We accept that it is appropriate in limited circumstances to retain material where a person has been arrested for a qualifying offence but not subsequently charged, and those circumstances are set out in new Section 63G(2) and (3) of the Police and Criminal Evidence Act 1984, which would be inserted by Clause 3 of this Bill. However, given that in such cases the charging standard has not been met, we believe that further safeguards are necessary, and the independent scrutiny of the commissioner provides that safeguard.

In support of his arguments, the noble Lord produced the case of Kensley Larrier, whose DNA, he claimed, was vital in getting him convicted of rape. My advice is that the DNA was not the key to his subsequent conviction for rape and on that occasion it was the complainant who took the police to the block of flats where he lived and described him in such detail that he could easily be identified. No doubt the noble Lord will say that that is just one example and will produce others, but it was not a very good example and it does not particularly support his case. Again, it is a question of finding the right balance.

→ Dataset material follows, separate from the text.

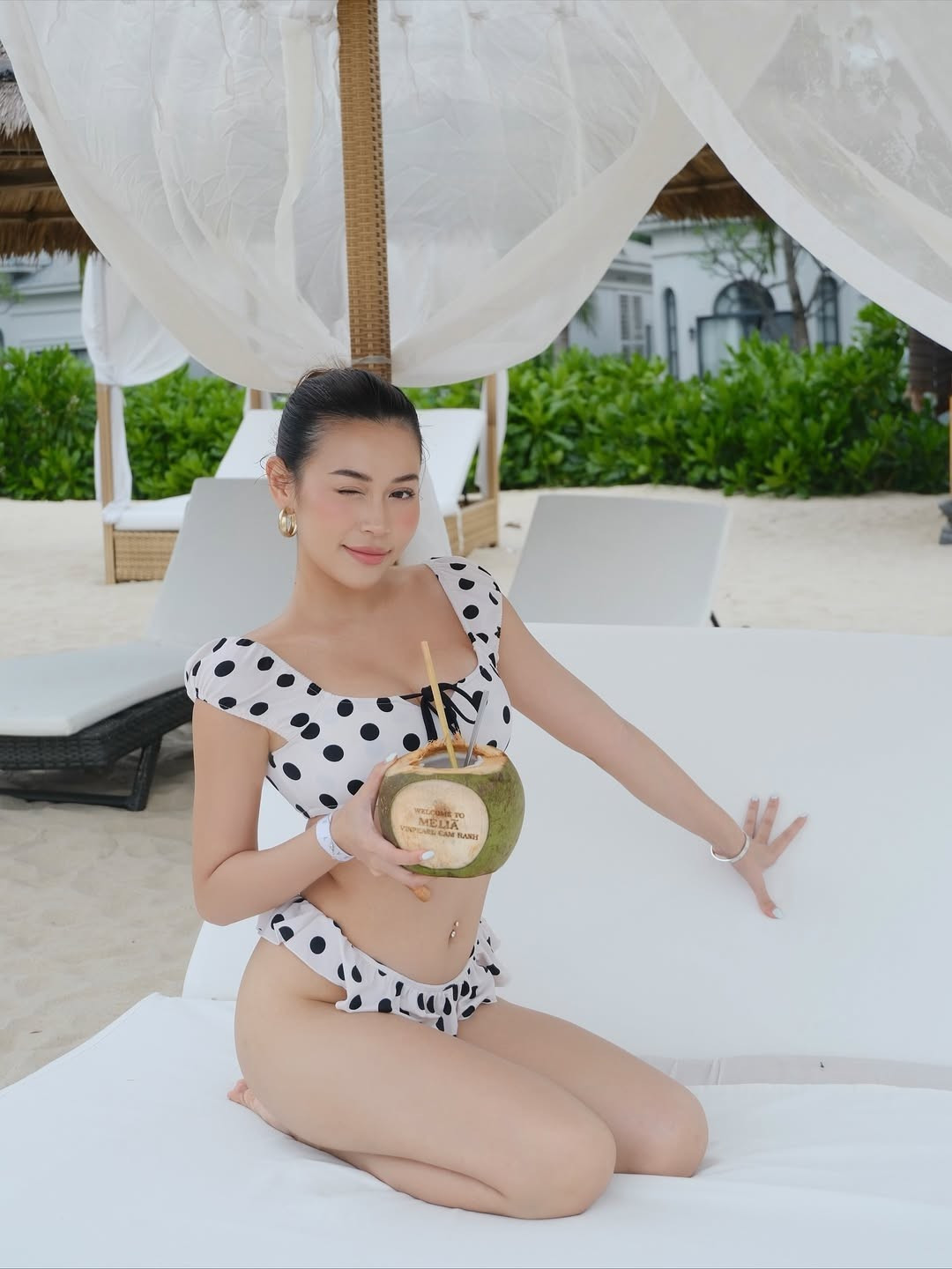 Trong khi đó, Nguyên Newin đã chọn một set đồ bơi với họa tiết chấm bi đen trắng kinh điển, mang đến sự kết hợp hoàn hảo giữa nét cổ điển và hiện đại.

I also remind your Lordships that the evidential charging standard is that there is a “realistic prospect of conviction”, which is defined in the Code for Crown Prosecutors as,

“an objective, impartial and reasonable jury or bench of magistrates or judge hearing a case alone, properly directed and acting in accordance with the law”,

that,

“is more likely than not to convict the defendant of the charge alleged”.

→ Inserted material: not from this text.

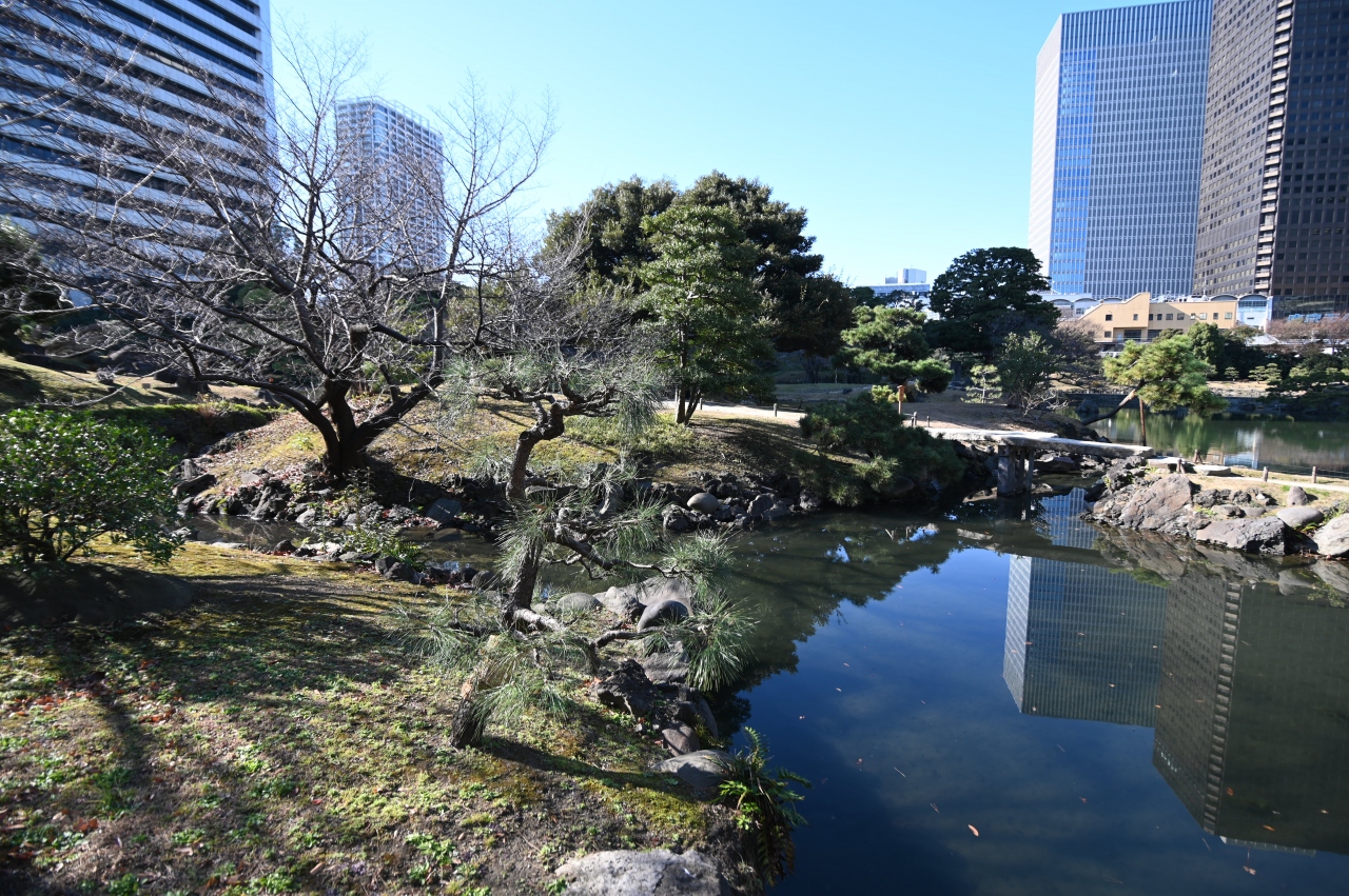 南側の大きなオフィスビルの影響で、庭園内に大きな日影が出来てしまうのが残念です。

Where the charging standard has not been met but the police believe there are valid reasons to retain the material, we believe that the process of applying to the commissioner, which we are determined to make as straightforward, simple and unbureaucratic as possible, provides an important safeguard.

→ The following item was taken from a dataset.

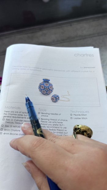 In addition I check it myself with different needles & thread as that can make a huge difference... and then everything gets check and tested and re-beaded by someone else (or multiple people) to ensure it makes sense to others and that different people with different tensions and styles of beading can make the project too.

As I have indicated, we believe that the police should be able to retain biometric material in limited circumstances. In this respect, therefore, the Bill goes beyond the Scottish system in allowing for the retention of material from persons who have been arrested but not charged, which is why we believe that there should be the safeguard that we have set out to form the biometric commissioner. As my right honourable friend the Home Secretary said at Second Reading in another place:

“We must protect the most vulnerable in society, so when the victim of the alleged offence is under 18, vulnerable or in a close personal relationship with the arrested person … the police will apply to the commissioner for retention. I believe that these rules give the police the tools they need without putting the DNA of a large number of innocent people on the database”.—[Official Report, Commons, 1/3/11; col. 207.]

For that reason, I cannot offer a crumb of comfort to the noble Lord in his Amendments 6, 9 and 10.

Amendment 13 would provide for a six-year retention period in the case of a person arrested for or charged with, but not convicted of, a minor offence. Clause 4 delivers another of the key protections of the Scottish model. Read with Clause 1 it provides for the destruction of the DNA profiles and fingerprints of anyone who has been arrested for or charged with a recordable offence that is not a qualifying offence but who is not subsequently convicted. The Government’s view is that not retaining that material taken from those arrested for or charged with a minor offence but not subsequently convicted strikes the right balance between public protection and individual freedoms.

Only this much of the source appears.